We are already comfortable with finding area under a curve and interpreting the meaning of this value, but what about finding the area between two curves?

This is an easy problem. Simply determine the area under the upper function and subtract the area from the lower function. Suppose we wanted to know the area between the curves in the figure above on the interval $[0,1]$. We would get

$$Area = \displaystyle \int^{1}_{0}(9-x^2)\;dx-\displaystyle \int^{1}_{0}(x+1)\;dx$$

$$= \displaystyle \int^{1}_{0}8-x^2-x\;dx$$

$$= 8x-\displaystyle \frac{x^3}{3}-\displaystyle \frac{x^2}{2}\displaystyle \Bigg\vert^{1}_{0}$$

$$= \Big(8-\displaystyle \frac{1}{3}-\displaystyle \frac{1}{2}\Big)-(\;0\;)$$

$$= \displaystyle \frac{43}{6}$$

If we wanted to know the area bewteen the curves on the interval $[0,4]$ we would need two integrals since the top function changes where they intersect. Since this intersection occurs at $x=(-1+\sqrt{33})/2\approx2.37228$ we get

$$Area = \Bigg[\displaystyle \int^{2.372}_{0}(9-x^2)\;dx-\displaystyle \in... ...style \int^{4}_{2.372}(x+1)\;dx-\displaystyle \int^{4}_{2.372}(9-x^2)\;dx\Bigg]$$

$$= \displaystyle \int^{2.372}_{0}(8-x^2-x)\;dx+\displaystyle \int^{4}_{2.372}(x^2+x-8)\;dx$$

$$= \left(8x-\displaystyle \frac{x^3}{3}-\displaystyle \frac{x^2}{2}\... ...{x^3}{3}+\displaystyle \frac{x^2}{2}\displaystyle \Bigg\vert^{4}_{2.372}\right)$$

$$= 11.7142+9.04753$$

$$= 20.7671$$

One application of this technique is the following problem: Suppose the following graphs are velocity functions for two automobiles, car A and car B. How can we determine which car has tavelled further in a given time interval?
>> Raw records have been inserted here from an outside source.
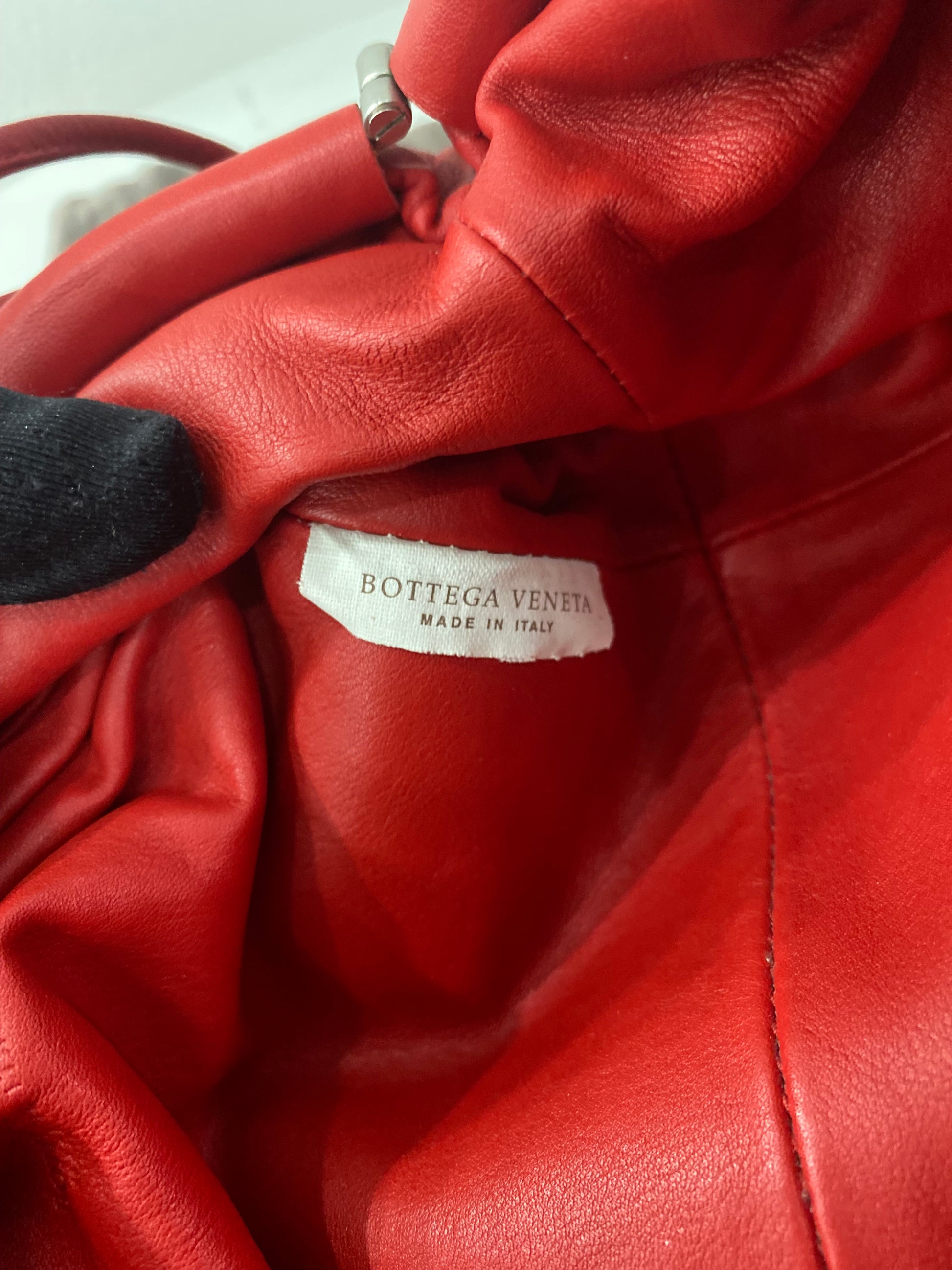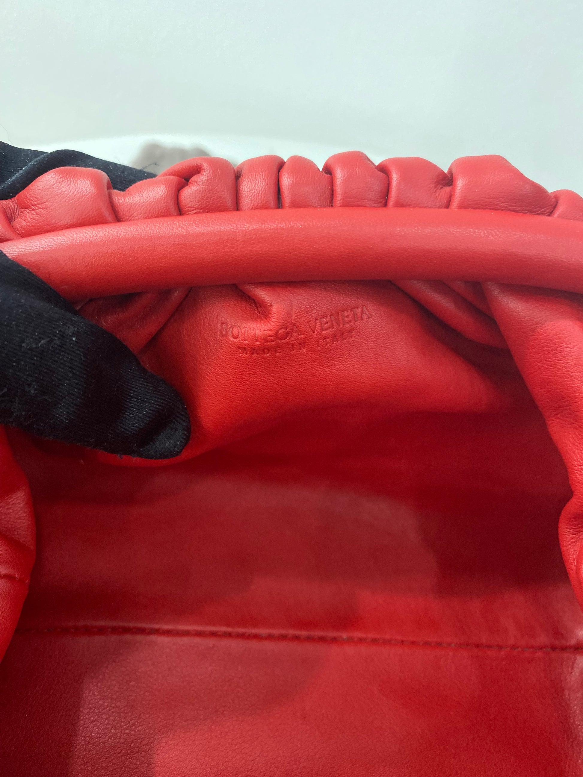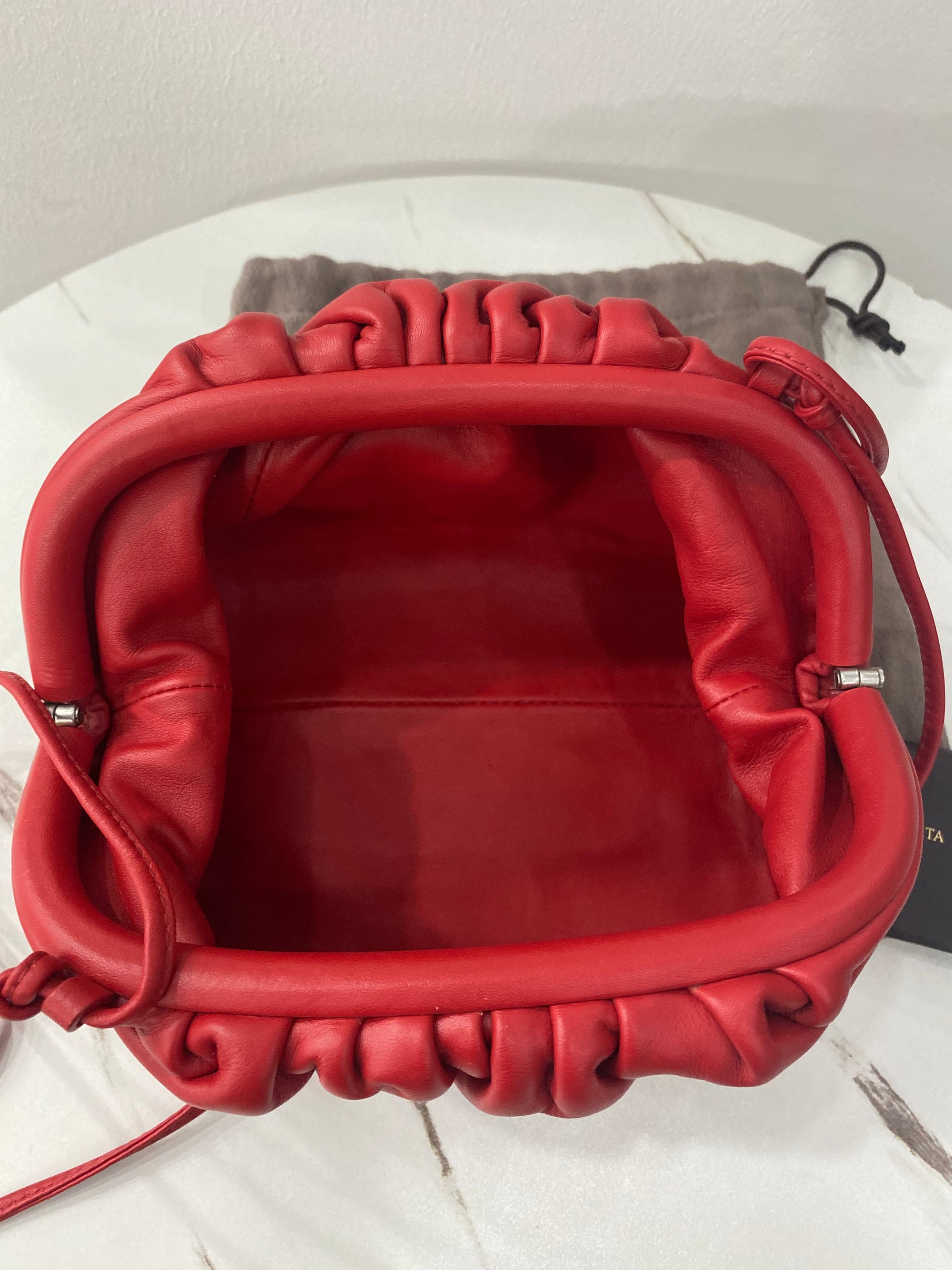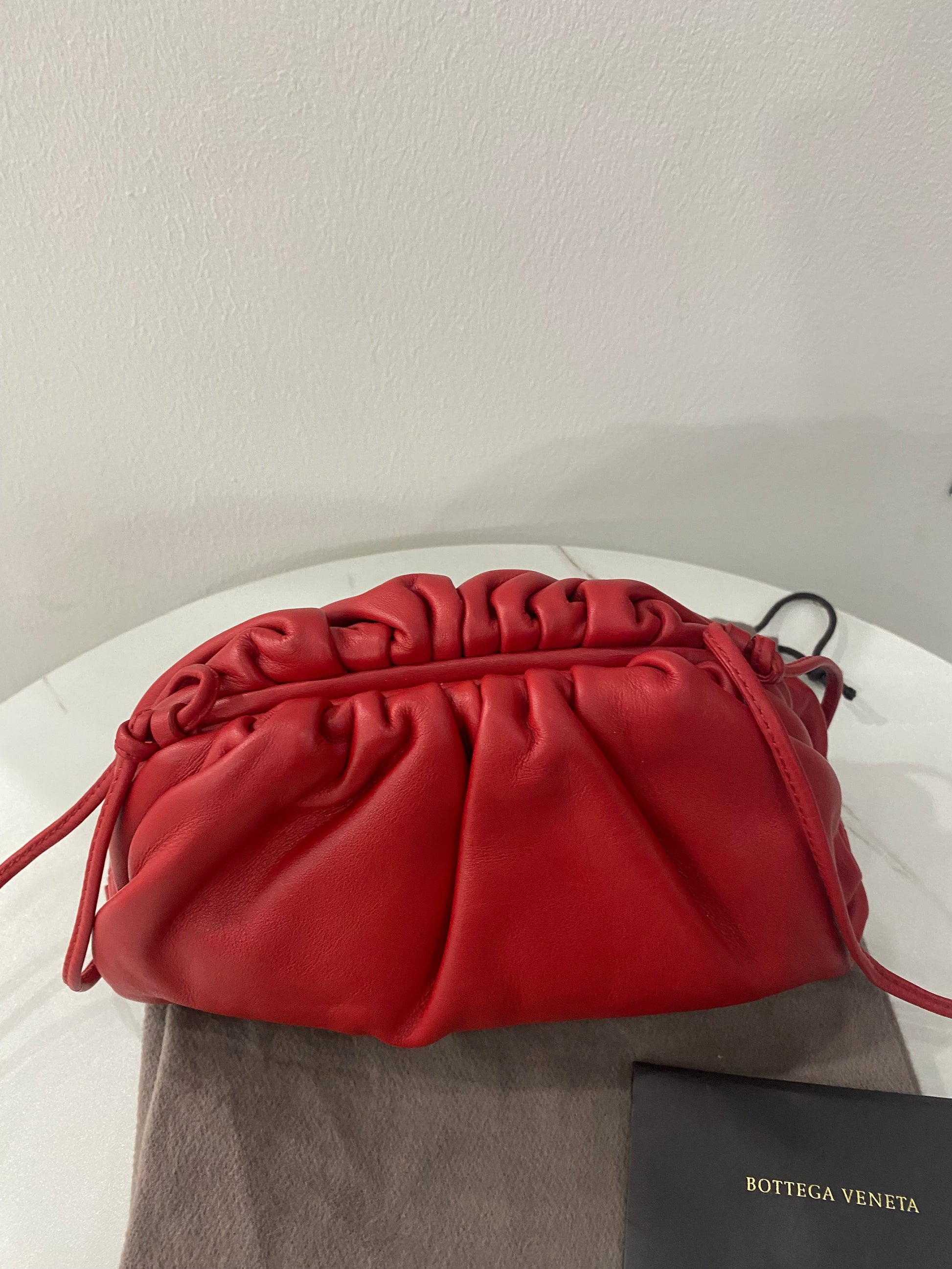 Borsa Bottega Veneta mini Pouch in pelle liscia rossa con tracolla.
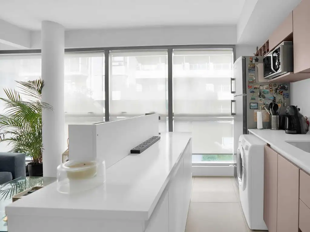 Cocina integrada a un amplio living comedor, con salida a un balcón corrido con vista abierta a la piscina.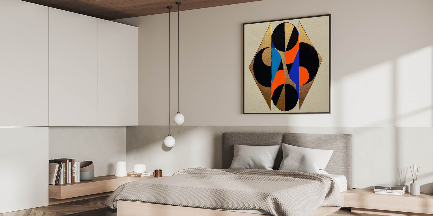 Add a bold and luxurious touch to your bedroom with this modern bedroom wall art, featuring a striking geometric composition in gold, black, orange, and blue. This high-quality framed canvas print blends sharp geometric lines with elegant metallic textures, creating a captivating statement piece. The contrast between deep black and shimmering gold adds depth and sophistication, while vibrant pops of orange and blue bring energy to the design.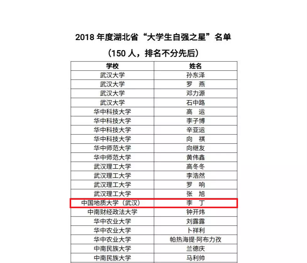 威廉希尔 本科生李丁获2018年度湖北省“大学生自强之星”并被推荐参加全国评选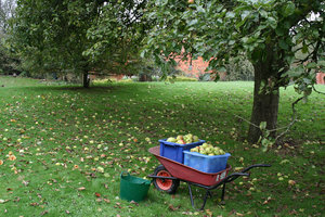 Windfall apples, apple, autumn, collect, England, garden, gather, harvest, Malus, orchard, tree, wheelbarrow, windfall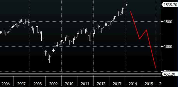 В своем последнем крупном обзоре/прогнозе Вальтер Циммерманн, вице-президент и главный технический аналитик United-ICAP, рассуждает о целом ряде на первый взгляд отвлеченных от финансовых рынков вопросов, среди которых особо выделяется закон непредвиденных последствий. «История творится в равной степени, как самими событиями, так и их непредвиденными последствиями. Часто попытки насильственного изменения существующей реальности приводят к прямо противоположным результатам», - заходит издалека господин Циммерманн. – «Если ФРС пытается насильно сделать нас богатыми, неизбежным результатом этого может оказаться всеобщая бедность. Если ФРС пытается искусственно создать мощнейшее за всю историю экономическое восстановление, результатом может стать глубочайшая за всю историю депрессия. Если ФРС пытается заразить людей уверенностью и оптимизмом, в результате они могут впасть в страх и отчаяние. Если ФРС пытается заставить людей тратить, в результате уверенность потребителей может оказаться уничтоженной». После подобных размышлений господин Циммерманн решает посвятить окончание своей работы собственно техническому анализу, приведя несколько графиков. Из его пояснений к ним (прим. ProFinance.ru: уровни поддержки/сопротивления, волновой анализ, экстремальное количество быков итд) следует, что после достижения цели в 1923.44, S&P 500 имеет все шансы опуститься до отметки 452.20 уже к началу 2016 года. Источник: ProFinance.Ru - Новости рынка Forex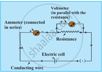 2. Requirements: Connecting wires, electric cells (battery), electrical resistor (R), voltmeter (V), ammeter (A), and plug key (switch).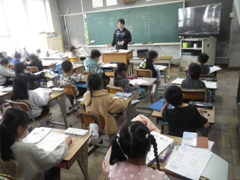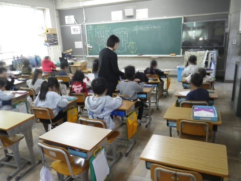 1組は算数,かけ算九九のプリントの答え合わせをしていました。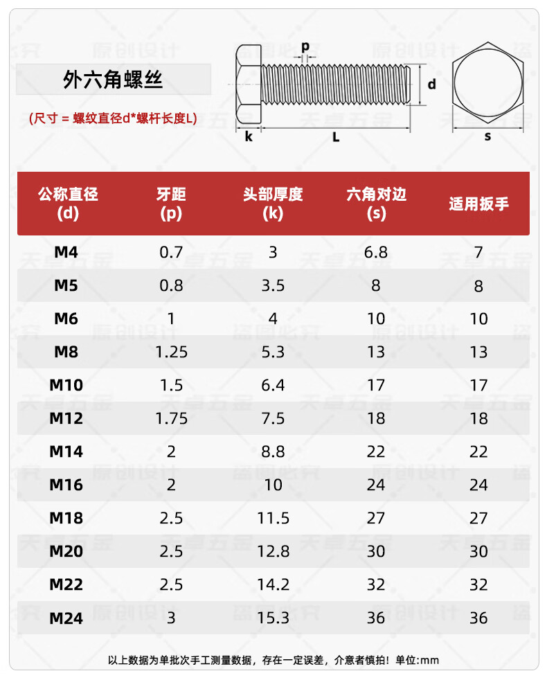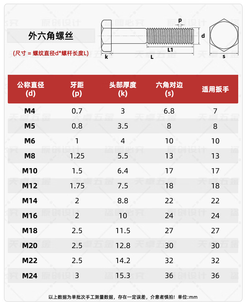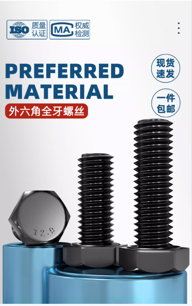 Tianzhuo Hardware Grade 12.9 high-strength external hexagonal screws bolts M5M6M8M10M12M14M16M18M20M22M24 M8*30 full thread - 10 pcs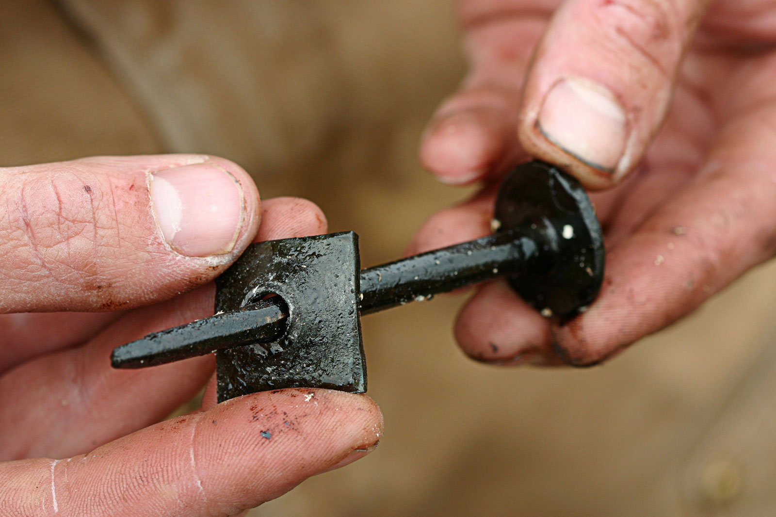 Iron smelter, Mads Jylov, and blacksmith, Jonas Bigler, ran a week-long workshop at the boatyard, where they conducted four controlled smelts using bog ore from Guldager. They produced a sample of 23 rivets and roves, which were placed at strategic points around the Gislinge Boat's hull, allowing us to explore how the iron reacts when under different levels of stress and both above and below the waterline.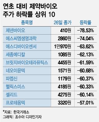 [바이오株 하락 상위10]'의견 거절+이자 연체' 제넨바이오, 78.5% ↓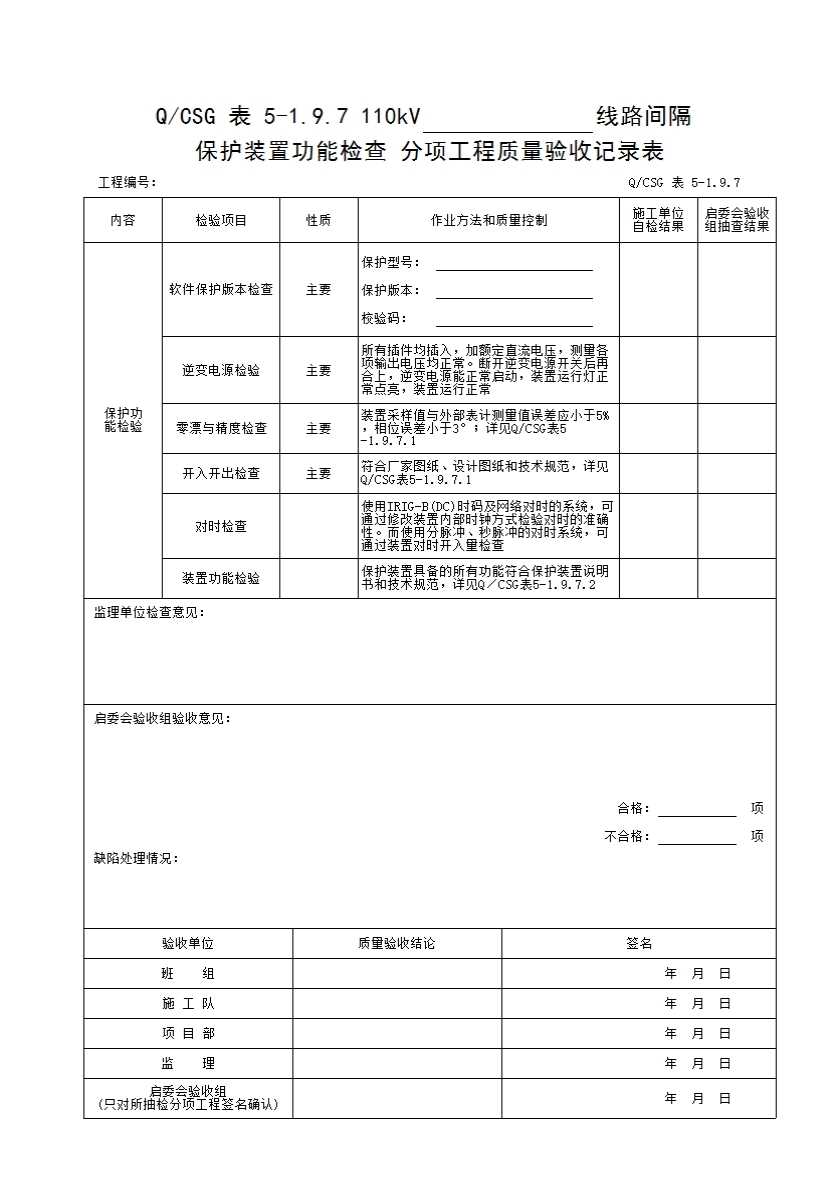 QCSG 表 5-1.9.7 110kV______线路间隔保护装置功能检查 分项工程质量验收记录表

The area between the two functions tells us the difference in their distances travelled. So after 1 minute car B is ahead since it has greater area under its curve and it is ahead the same distance as the area between the curves. If the area between the curves on $[0,1]$ is the same as the area between the curves on $[1,2]$ then the cars are side by side after two minutes. If this area on the interval $[1,2]$ is less than the area on the interval $[0,1]$, car B is still ahead after two minutes, even though car A has been travelling faster for the second minute. Without thinking of area between the velocity functions there is no way to decide which car is ahead after a certain time period.

This idea can be extended to many applications. Suppose we had two runoff functions (with units $ft.^3/sec.$), measuring water flow for an entire season, for two streams in different drainages. We want to know which drainage produced more runoff. Since the units for the area under the curve are $ft.^3/sec.\;\times\;sec.=ft.^3$, we can compare the areas under the two runoff curves. If the two curves are placed on the same graph then the area between the curves would indicate how much more water the dominant stream delivered.